Curiosamente foi o Brasil seu destino, trabalhando para a Cinzano. Renato ficou no Brasil por dez anos e foi responsável por estudos e investimentos no Vale do São Francisco. Quando em 1965 voltou para a Itália, comprou um pequeno lote na zona histórica de Marcenasco, logo abaixo da Abadia de L´Annunziata ( Nossa Senhora da Anunciação),em La Morra.

Em pouco tempo o jovem Renato Ratti, desconhecido no mundo do vinho e que não vinha de família aristocrática, ganhou seu espaço e se tornou um dos produtores mais respeitados da região. Renato Ratti tornou-se um nome de referência para os vinhos de Langhe.

Participou diretamente da elaboração das normas e regulamentos que regem as denominações de vinhos de Alba e especialmente com relação à  “DOCG”.

Aperfeiçoou as técnicas de vinificação, maturação e refinamento para o seu Barolo Marcenasco trazendo  ao vinho elegância, sutileza e longevidade digna desta variedade, se tornou desta maneira um dos principais motores da revolução cultural que trouxe os vinhos do Piemonte e da Itália para o conhecimento de todo o mundo.

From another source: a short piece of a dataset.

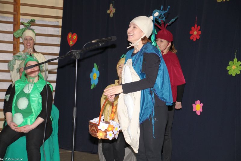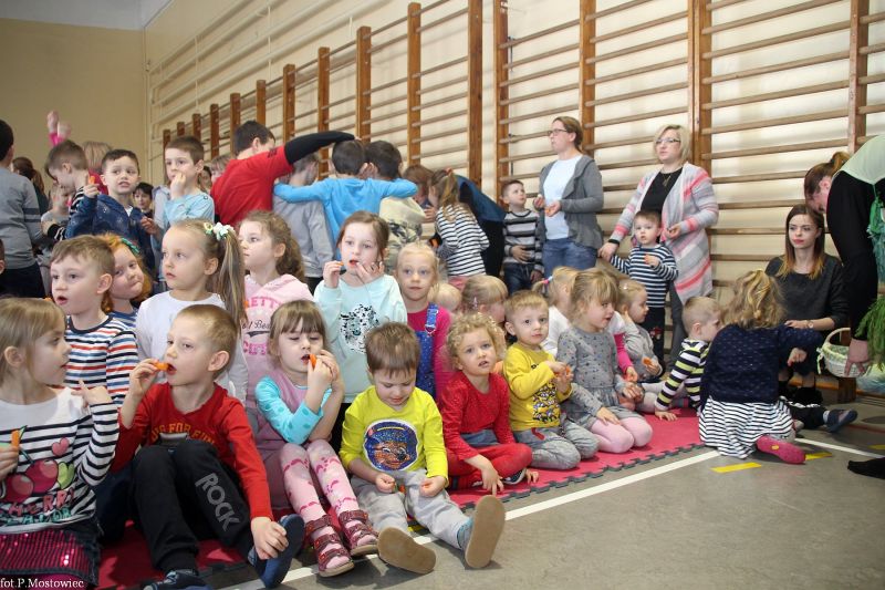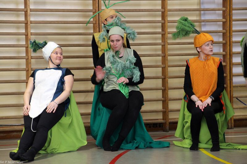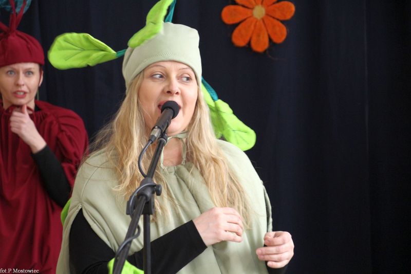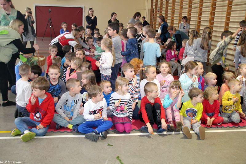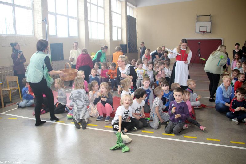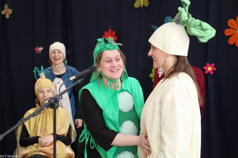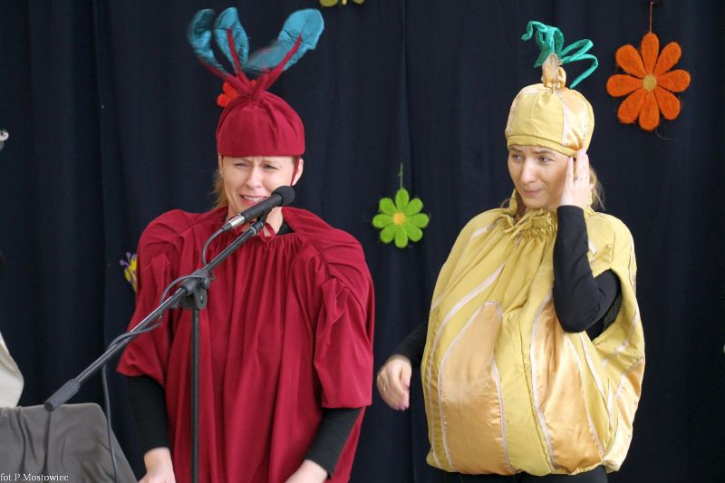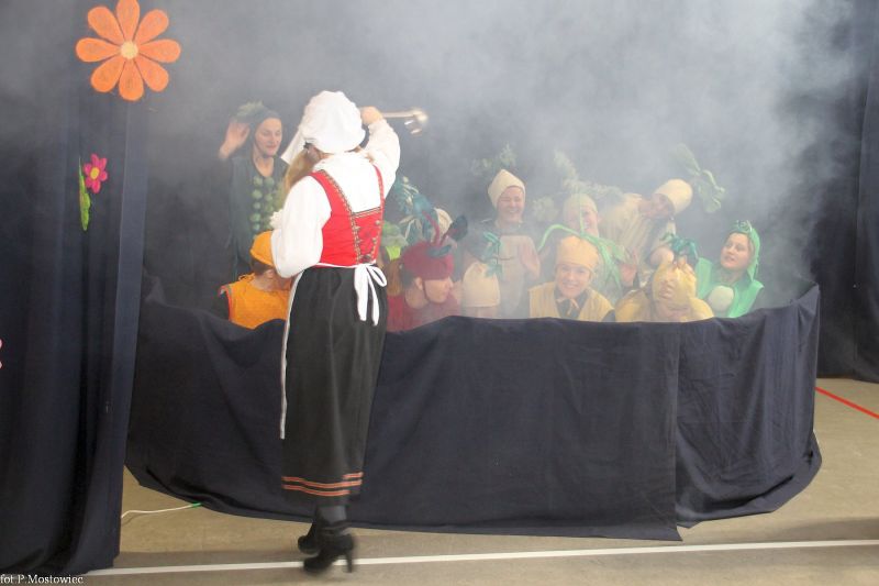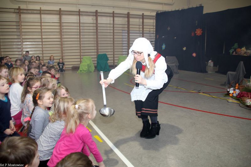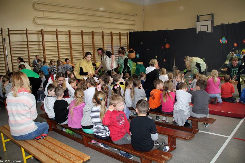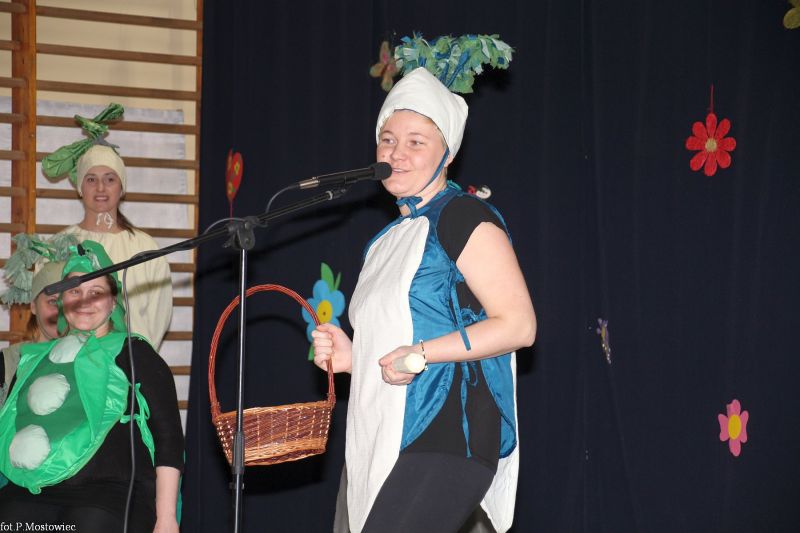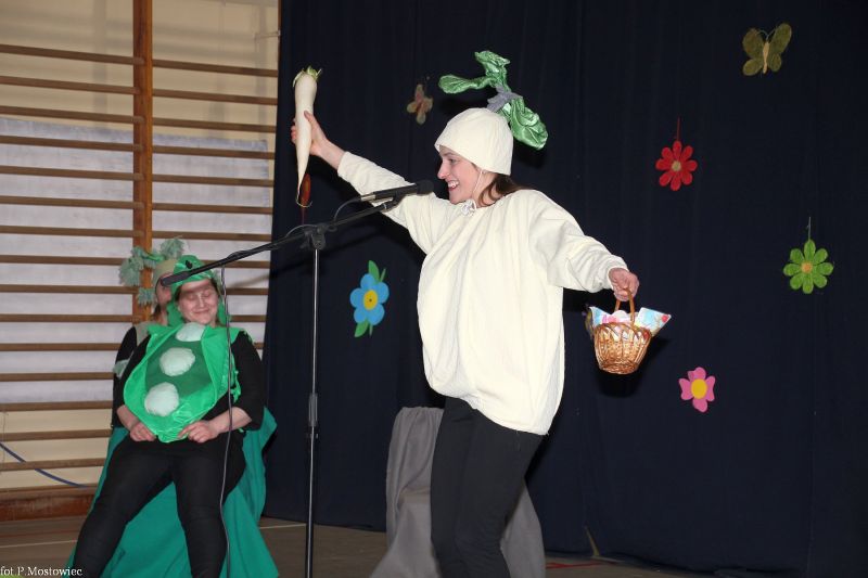 Było to bardzo barwne, pełne humoru przedstawienie na podstawie wiersza Jana Brzechwy „Na straganie”. Fascynująca scenografia, kolorowe kostiumy, wesołe postacie, humorystyczne dialogi oraz cudowny przekaz na temat wiosennych nowalijek, zdrowia i wartości odżywczych, a wszystko to przeplatane skoczną, rytmiczną muzyką wprowadziły wszystkich w radosny, wiosenny nastrój. Na koniec wszyscy mogli spróbować zdrowych, soczystych nowalijek i warzyw przygotowanych w koszyczkach.
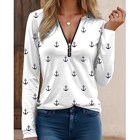 Maglietta da donna a maniche lunghe con zip a quarto Stile casual floreale scollo a V top regolari quotidiani bianchi rossi blu navy blu blu polvere estate

Renato Ratti faleceu prematuramente em 1988 e seu filho Pietro, assume o comando da vinícola. Nos anos 90, ele continua a obra de ampliação e restauração dos vinhedos da família e continua a busca que seu pai havia iniciado por novas sub zonas únicas e a manutenção do espírito de respeito pelas uvas e vinhas de origem.

Bem, mas eu ia falar de vinho argentino… Após tres garrafas de Barolo, o Rogério se soltou e consgui convence-lo a gravar cinco vídeos. Aqui abaixo você pode ver o primeiro deles, com o Rogerio falando dos vinhos Mendel do fantástico enólogo e meu amigo Roberto Della Motta. Veja:

 

Prometo depois falar mais de Roberto Della Motta. Saúde. E Grazie Rogerio! Saúde.